COLLECTED MATERIAL –
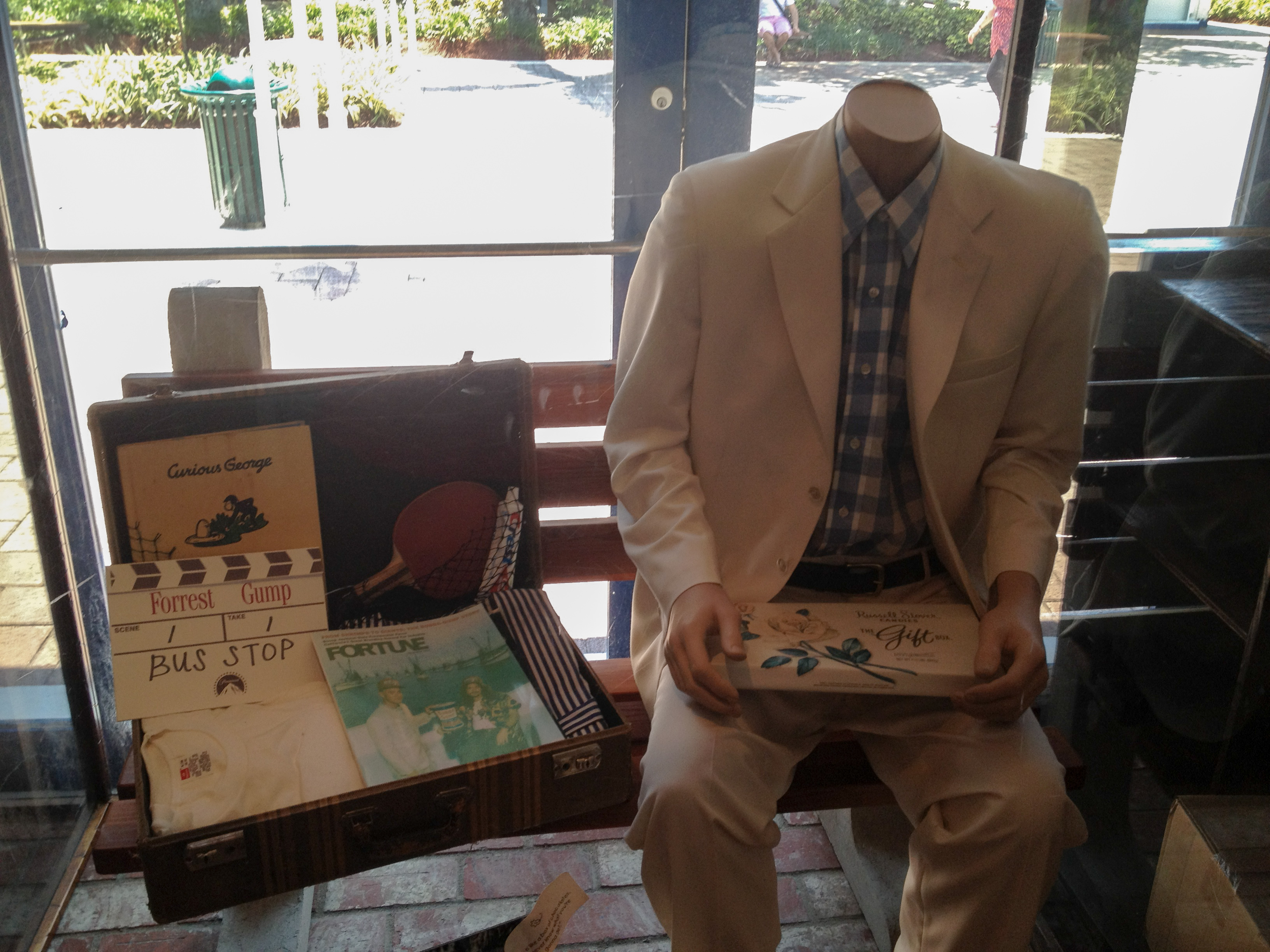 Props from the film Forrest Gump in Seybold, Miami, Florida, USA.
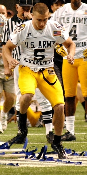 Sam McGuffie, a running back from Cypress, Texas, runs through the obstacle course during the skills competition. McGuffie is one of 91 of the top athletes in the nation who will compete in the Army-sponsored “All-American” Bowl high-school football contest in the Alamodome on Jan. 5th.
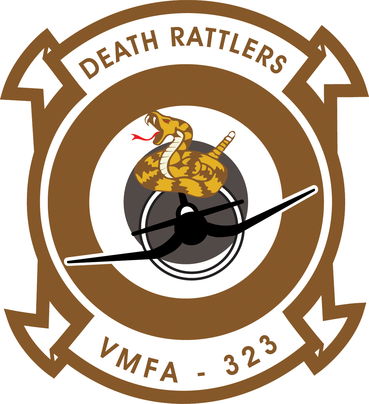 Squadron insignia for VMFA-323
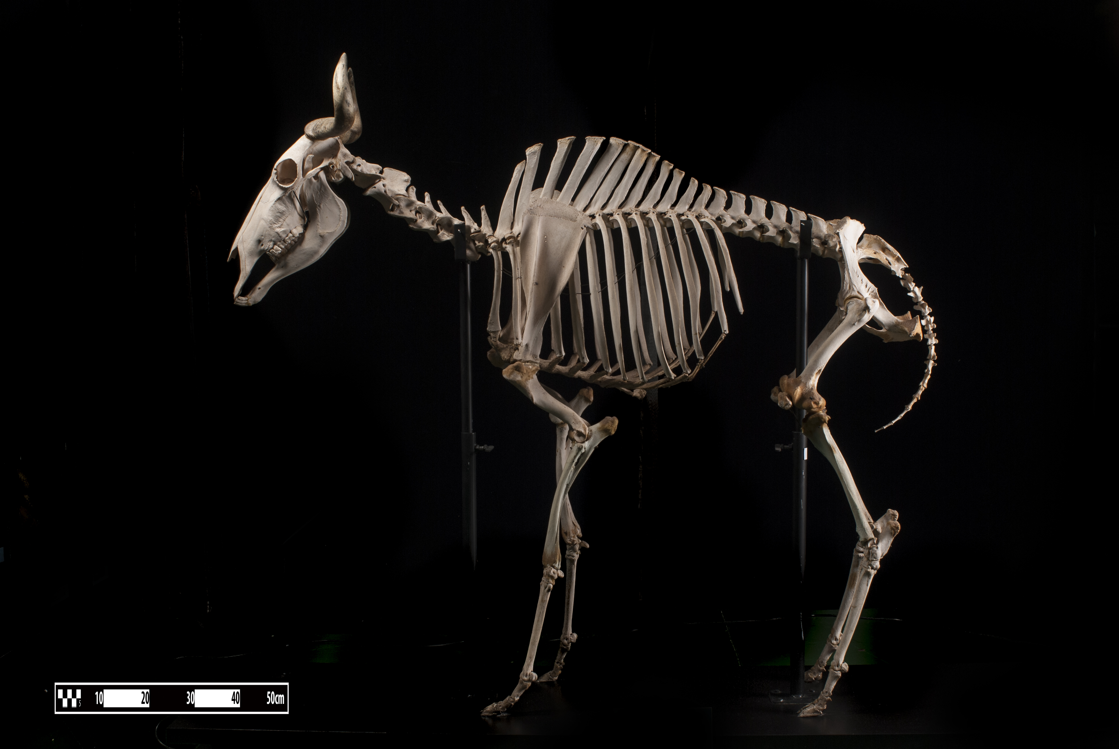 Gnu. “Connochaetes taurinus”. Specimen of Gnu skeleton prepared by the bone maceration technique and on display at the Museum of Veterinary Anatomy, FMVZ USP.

THE PROBLEM –
Reproduce the final stretch of lines exactly: the line containing "Squadron insignia for VMFA-323" through the last line of the data, both included. Pictures do not belong in the copy.

WRITTEN RESPONSE –
 Squadron insignia for VMFA-323
 Gnu. “Connochaetes taurinus”. Specimen of Gnu skeleton prepared by the bone maceration technique and on display at the Museum of Veterinary Anatomy, FMVZ USP.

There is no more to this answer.